• **Data for the task**:
------------
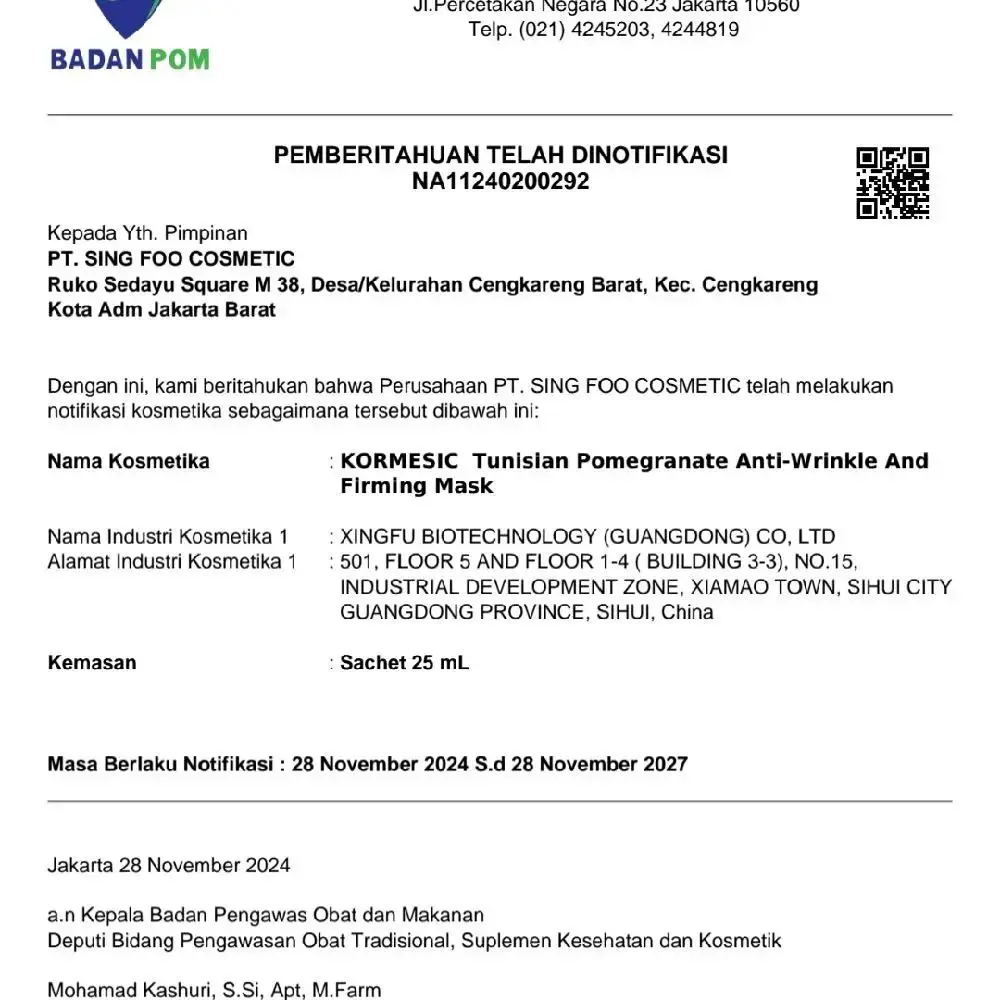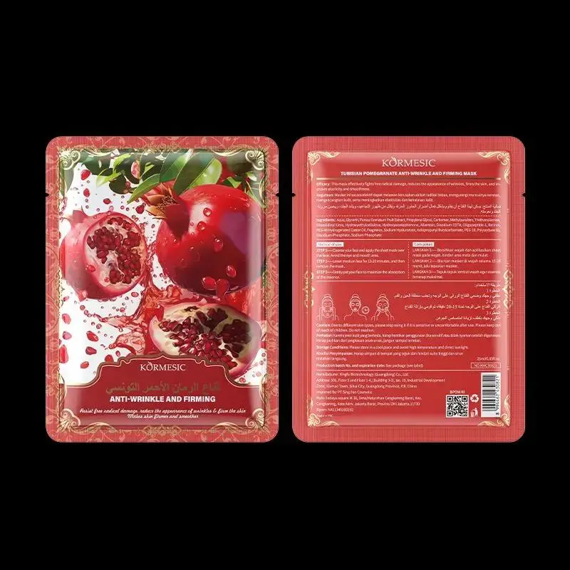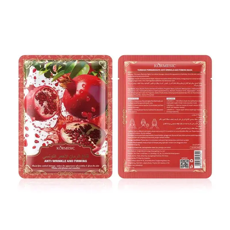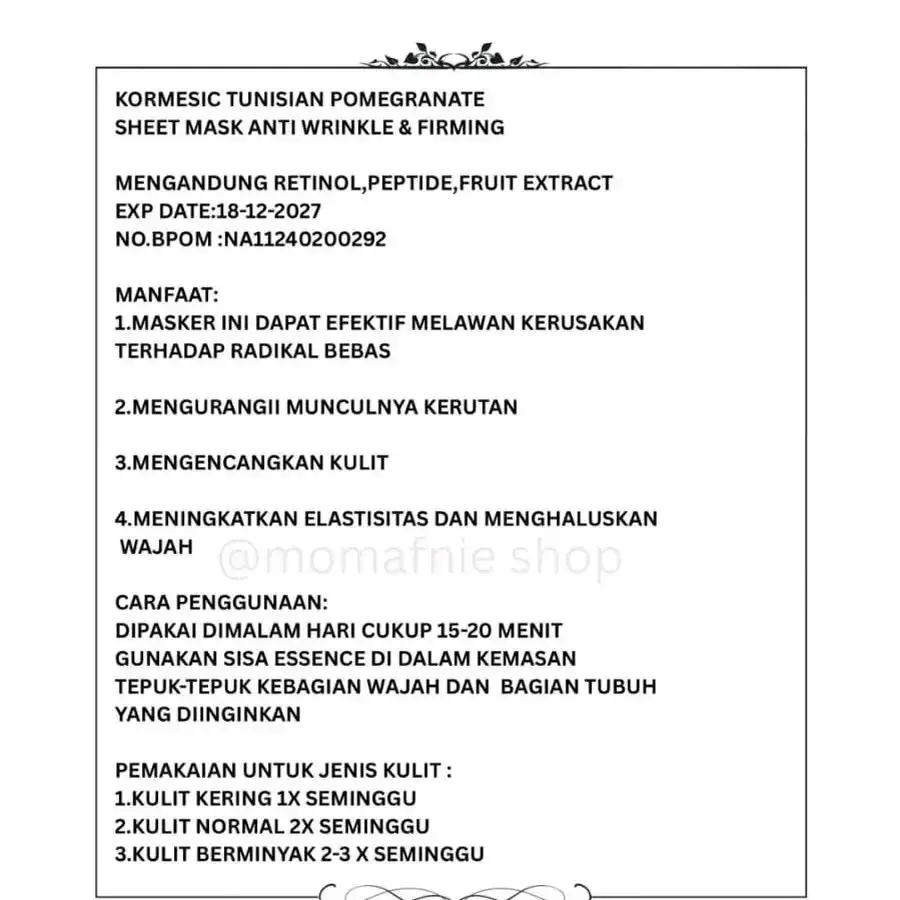 Kormesic tunisia pomegranate Sheet mask anti wrinkle & firming 25ml Mengandung retinol,peptide,fruit extract Exp date:18-12-2027 Manfaat:  1.masker ini dapat efektif melawan kerusakan terhadap radikal bebas 2.mengurangii munculnya kerutan 3.mengencangkan kulit 4.meningkatkan elastisitas dan menghaluskan kulit Cara penggunaan: 1.kulit kering 1 x seminggu 2.kulit normal 2 x seminggu 3.kulit berminyak 2 - 3 x seminggu penggunaan dimalam hari 1.bersihkan wajah dan aplikasikan sheet mask ke wajah hindari area mata dan mulut 2.biarkan masker diwajah selama 15-20 menit lalu lepaskan. 3.anda dapat menggunakan sisa essence didalam kemasan,lalu ditepuk-tepuk lembut ke wajah agar terserap maksimal.
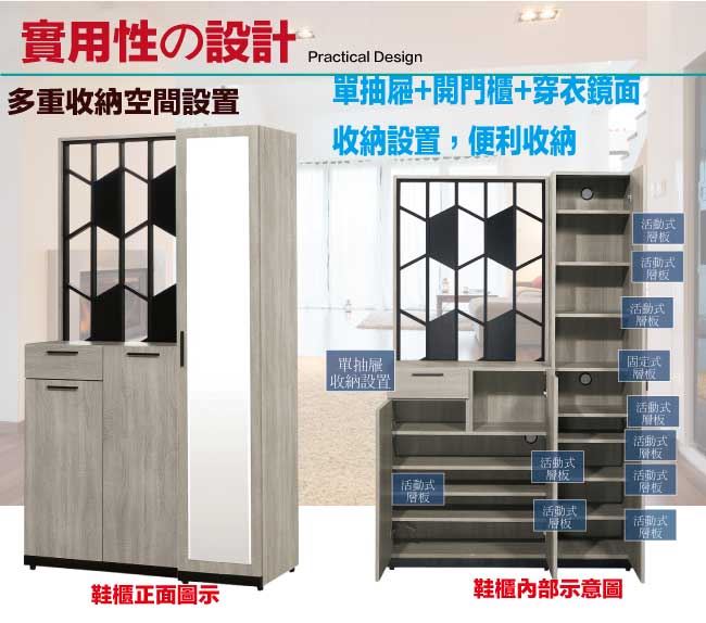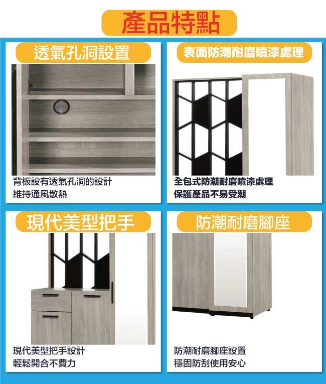 商品 介紹 | 【綠家居】卡瑞4尺二門單抽高玄關屏風鏡面鞋櫃組合 木紋雙色系+現代簡約風格+安心材質製造,整體採用防蛀木心板+防潮耐磨腳座+五金滑軌結構+強化玻璃鏡面+防夾手緩衝門片五金等安心材質製造,產品外層採用防潮耐磨噴漆處理搭配採用鏡面櫃(內含收納層格)+開門櫃+單抽屜+內開放式層格等收納空間設計,全由專人配送到家,專業安心服務,替你省下更多時間! 【商品特色】 木紋雙色系+現代簡約風格+安心材質製造,使用放心+搭配居家更便利 採用防蛀木心板+防潮耐磨腳座+五金滑軌結構+強化玻璃鏡面+防夾手緩衝門片五金等安心材質製造 產品外層採用防潮耐磨噴漆處理 採用鏡面櫃(內含收納層格)+開門櫃+單抽屜+內開放式層格等收納空間設計 此商品不需要DIY組立,此商品為組立後之成品 品質保證、專業設計、貼心服務 全由專人配送到家,專業安心服務,替您省下更多時間 |
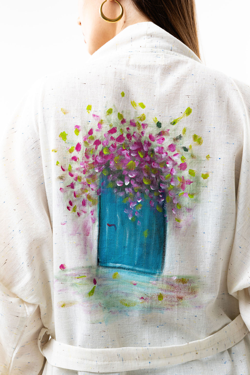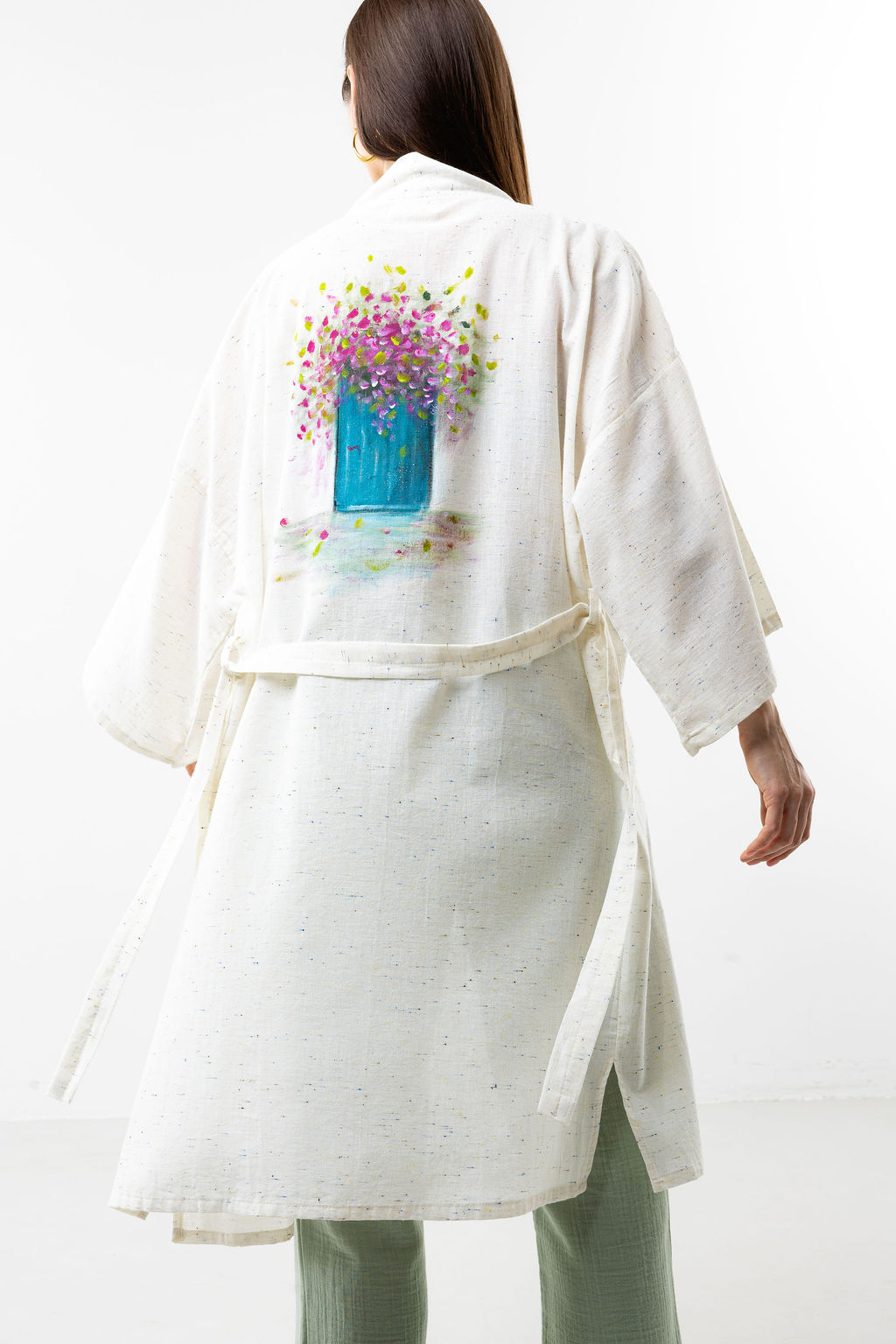 Hand-painted speckled linen kimono with a unique flower pot design on the back. Lightweight and versatile, perfect for layering over muslin shorts or pants sets, jeans, or casual summer outfits. Ideal for home, outdoor wear, or a day at the beach in mild spring or summer weather.
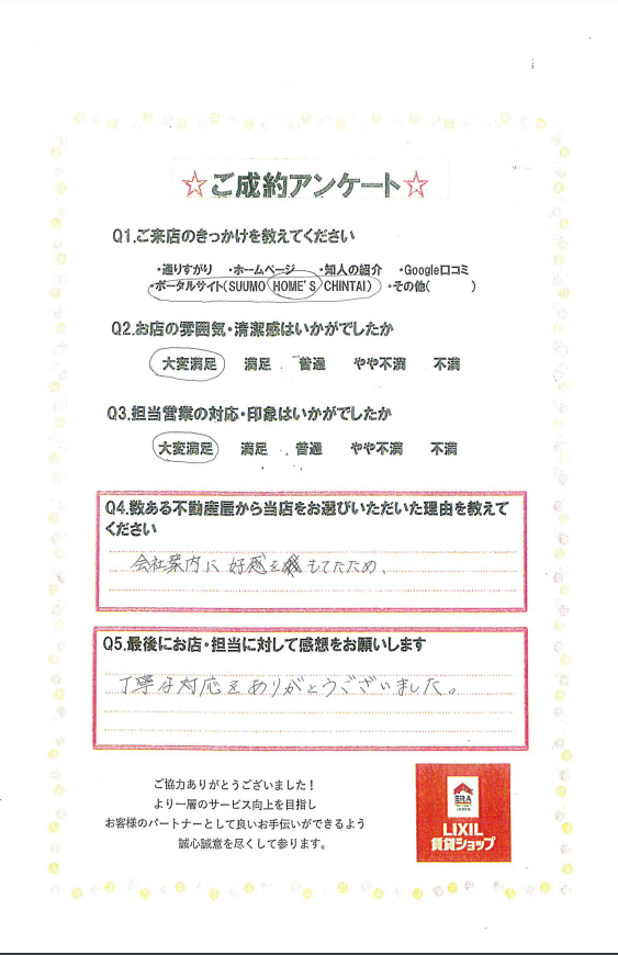 気になっていただいていたお部屋で無事にご契約を進めることができ安心しております。
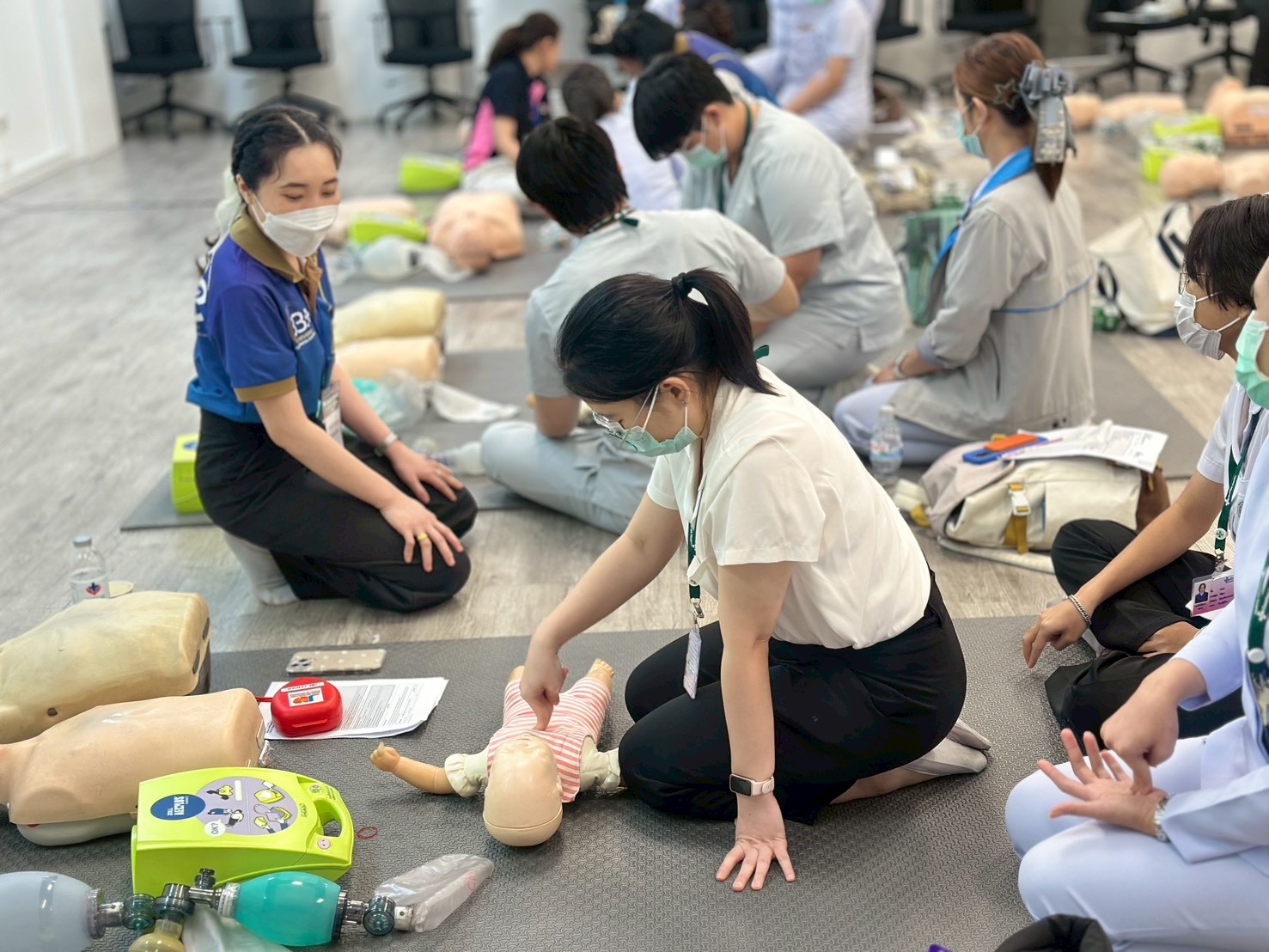เมื่อวันที่ 3 ตุลาคม 2025 ศูนย์จำลองสถานการณ์ บริษัทแพทย์ไทย 88 ได้จัดหลักสูตร AHA BLS for Healthcare Provider สำหรับบุคลากรทางการแพทย์จากโรงพยาบาลเจ้าพระยา สะท้อนถึงความมุ่งมั่นในการพัฒนาทักษะการช่วยชีวิตขั้นพื้นฐาน หลักสูตรครอบคลุมการช่วยชีวิตขั้นพื้นฐานตามมาตรฐาน American Heart Association รวมถึงเทคนิค CPR คุณภาพสูง การใช้ AED และการจัดการทางเดินหายใจ ผู้เข้าอบรมแสดงความพึงพอใจสูงต่อเนื้อหาและวิทยากร พร้อมนำความรู้ไปประยุกต์ใช้ในการดูแลผู้ป่วยอย่างมีประสิทธิภาพ
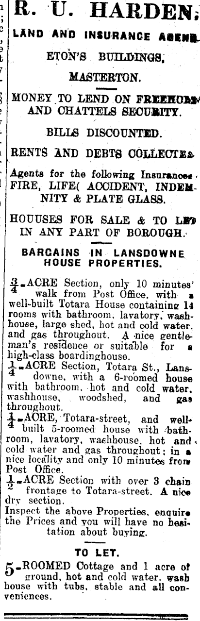 R. U HARDEN; LAND AND INSURANCE ASCNft. ETON'S BUILDINGS, MASTERTON. MONEY TO LEND ON FRKEBOI9P AND CHATTELS SECURITY. BILLS DISCOUNTED. RENTS AND DEBTS COLLECTJS& Agents for the following Insnrano»e» FIRE, LIFE( ACCIDENT, INDEMNITY & PLATE GLASS. HOUUSES FOR SALE & TO LI) IN ANY PART OF BOROUGH. BARGAINS IN LANSDOWNE HOUSE PROPERTIES. £.ACRE Section, only 10 minutes' walk from Post Office, with a well-built Totara House containing 14 rooms with bathroom, lavatory,' washhouse, large shed, hot and cold water, and gas throughout. A -nice gentleman's resißence or suitable for a high-class boardinghouse. -L„ACRE Section, Totara St., Lansdowne, with a 6-ro'omed house with bathroom, hot and cold water, washhouse, woodshed, and gas throughout. X»AORE, Totara-street, and well* 4 built 5-roomed house with bathroom , lavatory, waehhouse. hot and < cold water and gas throughout; in » nice locality and only 10 minutes fron Post Office. ACRE Section with over 3 chain frontage to Totara-street. A nice dry section. Inspect the above Properties, enquire the Prices and you will have no hesi. tation about buying. TO LET. K.ROOMED Cottage and 1 acre of ground, hot and cold water, wash house with tubs, stable and all conveniences.
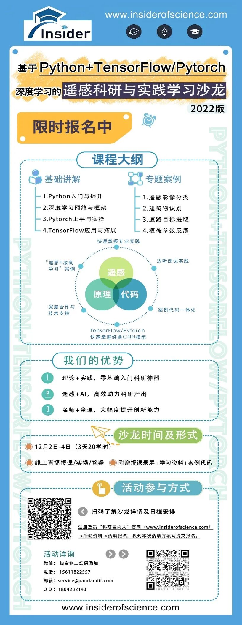 帮我点赞和我一起参加【基于Python + TensorFlow/Pytorch深度学习的遥感科研与实践学习沙龙】!
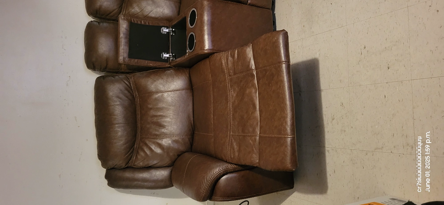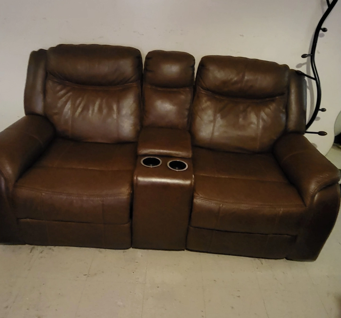 Sofa with two reclining seats. Cushioned armrests. Central console with cup holders. A great place to relax after a long day.one side of the sofa doesn't work
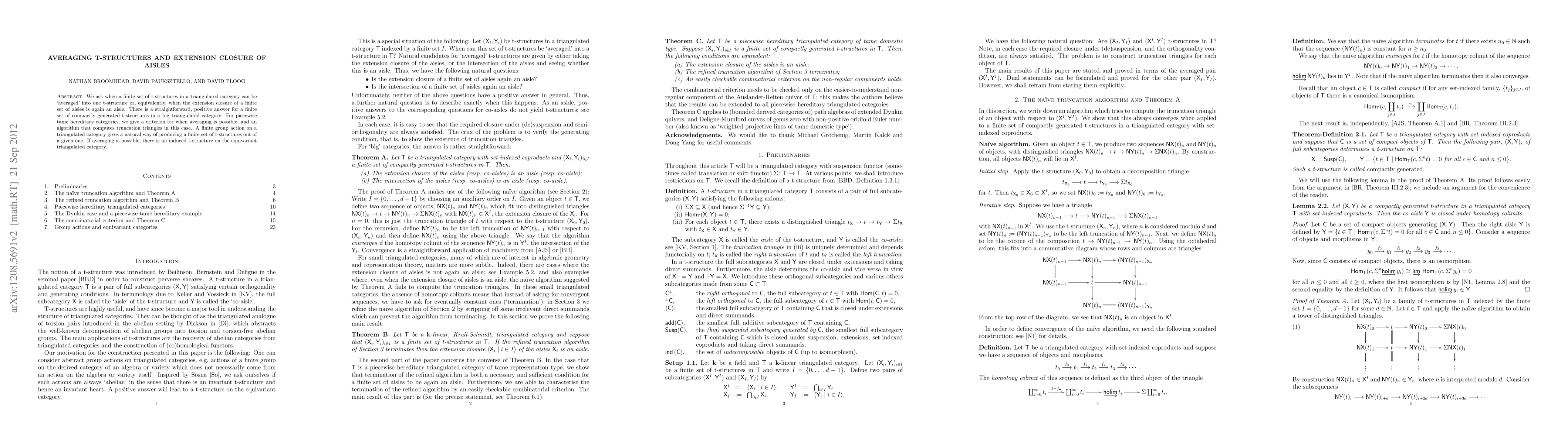 Summary: This paper investigates conditions under which a finite set of t-structures in a triangulated category can be averaged into a single t-structure. It provides a positive result for compactly generated t-structures in big triangulated categories and offers a criterion and algorithm for piecewise tame hereditary categories. It also explores the impact of finite group actions on the averaging process and induced t-structures in equivariant categories.
------------
• **Requirement**: With images left out, the data must be transcribed exactly.

• **Solution to the exercise**:
 Kormesic tunisia pomegranate Sheet mask anti wrinkle & firming 25ml Mengandung retinol,peptide,fruit extract Exp date:18-12-2027 Manfaat:  1.masker ini dapat efektif melawan kerusakan terhadap radikal bebas 2.mengurangii munculnya kerutan 3.mengencangkan kulit 4.meningkatkan elastisitas dan menghaluskan kulit Cara penggunaan: 1.kulit kering 1 x seminggu 2.kulit normal 2 x seminggu 3.kulit berminyak 2 - 3 x seminggu penggunaan dimalam hari 1.bersihkan wajah dan aplikasikan sheet mask ke wajah hindari area mata dan mulut 2.biarkan masker diwajah selama 15-20 menit lalu lepaskan. 3.anda dapat menggunakan sisa essence didalam kemasan,lalu ditepuk-tepuk lembut ke wajah agar terserap maksimal.
 商品 介紹 | 【綠家居】卡瑞4尺二門單抽高玄關屏風鏡面鞋櫃組合 木紋雙色系+現代簡約風格+安心材質製造,整體採用防蛀木心板+防潮耐磨腳座+五金滑軌結構+強化玻璃鏡面+防夾手緩衝門片五金等安心材質製造,產品外層採用防潮耐磨噴漆處理搭配採用鏡面櫃(內含收納層格)+開門櫃+單抽屜+內開放式層格等收納空間設計,全由專人配送到家,專業安心服務,替你省下更多時間! 【商品特色】 木紋雙色系+現代簡約風格+安心材質製造,使用放心+搭配居家更便利 採用防蛀木心板+防潮耐磨腳座+五金滑軌結構+強化玻璃鏡面+防夾手緩衝門片五金等安心材質製造 產品外層採用防潮耐磨噴漆處理 採用鏡面櫃(內含收納層格)+開門櫃+單抽屜+內開放式層格等收納空間設計 此商品不需要DIY組立,此商品為組立後之成品 品質保證、專業設計、貼心服務 全由專人配送到家,專業安心服務,替您省下更多時間 |
 Hand-painted speckled linen kimono with a unique flower pot design on the back. Lightweight and versatile, perfect for layering over muslin shorts or pants sets, jeans, or casual summer outfits. Ideal for home, outdoor wear, or a day at the beach in mild spring or summer weather.
 気になっていただいていたお部屋で無事にご契約を進めることができ安心しております。
เมื่อวันที่ 3 ตุลาคม 2025 ศูนย์จำลองสถานการณ์ บริษัทแพทย์ไทย 88 ได้จัดหลักสูตร AHA BLS for Healthcare Provider สำหรับบุคลากรทางการแพทย์จากโรงพยาบาลเจ้าพระยา สะท้อนถึงความมุ่งมั่นในการพัฒนาทักษะการช่วยชีวิตขั้นพื้นฐาน หลักสูตรครอบคลุมการช่วยชีวิตขั้นพื้นฐานตามมาตรฐาน American Heart Association รวมถึงเทคนิค CPR คุณภาพสูง การใช้ AED และการจัดการทางเดินหายใจ ผู้เข้าอบรมแสดงความพึงพอใจสูงต่อเนื้อหาและวิทยากร พร้อมนำความรู้ไปประยุกต์ใช้ในการดูแลผู้ป่วยอย่างมีประสิทธิภาพ
 R. U HARDEN; LAND AND INSURANCE ASCNft. ETON'S BUILDINGS, MASTERTON. MONEY TO LEND ON FRKEBOI9P AND CHATTELS SECURITY. BILLS DISCOUNTED. RENTS AND DEBTS COLLECTJS& Agents for the following Insnrano»e» FIRE, LIFE( ACCIDENT, INDEMNITY & PLATE GLASS. HOUUSES FOR SALE & TO LI) IN ANY PART OF BOROUGH. BARGAINS IN LANSDOWNE HOUSE PROPERTIES. £.ACRE Section, only 10 minutes' walk from Post Office, with a well-built Totara House containing 14 rooms with bathroom, lavatory,' washhouse, large shed, hot and cold water, and gas throughout. A -nice gentleman's resißence or suitable for a high-class boardinghouse. -L„ACRE Section, Totara St., Lansdowne, with a 6-ro'omed house with bathroom, hot and cold water, washhouse, woodshed, and gas throughout. X»AORE, Totara-street, and well* 4 built 5-roomed house with bathroom , lavatory, waehhouse. hot and < cold water and gas throughout; in » nice locality and only 10 minutes fron Post Office. ACRE Section with over 3 chain frontage to Totara-street. A nice dry section. Inspect the above Properties, enquire the Prices and you will have no hesi. tation about buying. TO LET. K.ROOMED Cottage and 1 acre of ground, hot and cold water, wash house with tubs, stable and all conveniences.
 帮我点赞和我一起参加【基于Python + TensorFlow/Pytorch深度学习的遥感科研与实践学习沙龙】!
 Sofa with two reclining seats. Cushioned armrests. Central console with cup holders. A great place to relax after a long day.one side of the sofa doesn't work
 Summary: This paper investigates conditions under which a finite set of t-structures in a triangulated category can be averaged into a single t-structure. It provides a positive result for compactly generated t-structures in big triangulated categories and offers a criterion and algorithm for piecewise tame hereditary categories. It also explores the impact of finite group actions on the averaging process and induced t-structures in equivariant categories.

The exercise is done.